An R&D expense is any expenditure which the R&D legislation associated with your investment in R&D. Companies who are spending money in their risk-taking projects with science and technology may be investing in R&D for tax purposes. And, if eligible, you can claim back tax on some of these costs in the form of R&D tax credits. For the purpose of R&D tax credits, qualifying costs include staff costs (including subcontractors), consumables (including light, heat and water), and software.
You can read more about how costs are calculated for each category.
For loss-making companies, you have two options. Carry the additional loss forward where it will be offset against future taxable profits, or choose for 230% of qualifying expenditure – or revised loss – for the period (whichever is lower) to be surrendered to HMRC in exchange for a cash tax credit worth 14.5%.

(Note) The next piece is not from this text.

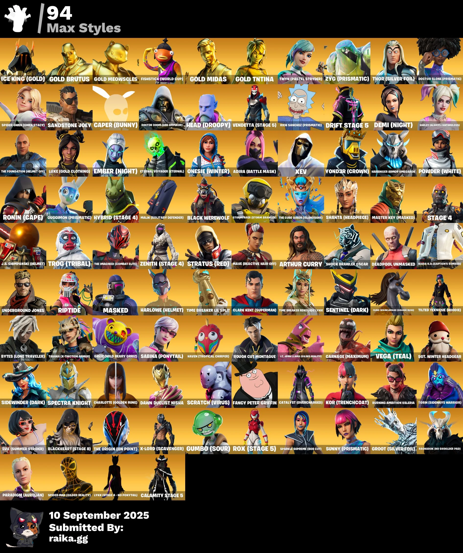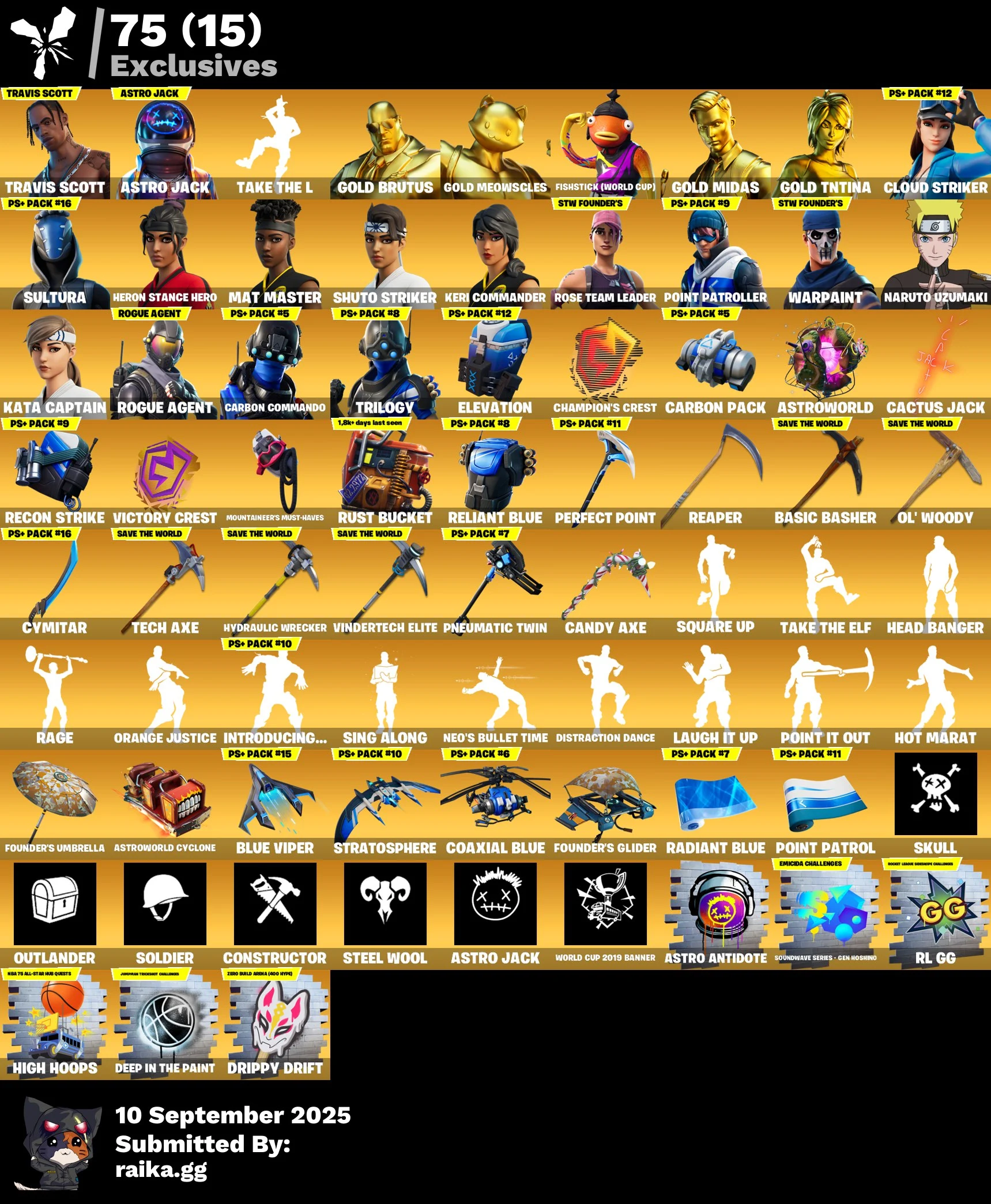 [PC | PSN | XBOX] 273 skins | OG STW | Travis Scott | Astro Jack | Fishstick (World Cup) | Candy Axe | Gold Brutus | Gold Meowscles| Gold Midas | Gold TNTina | Cloud Striker | 210 VB

For an example of calculating R&D tax credits for a loss-making company, you can read our piece on calculating R&D tax credits.
The SME incentive is for businesses with fewer than 500 staff, a turnover of less than €100m, and less than €86m of gross assets. RDEC is typically for larger business with more than 500 employees and a turnover of more than €100m. SMEs who have been subcontracted to do R&D work can also claim under RDEC. The maximum rate of benefit available is different for each scheme.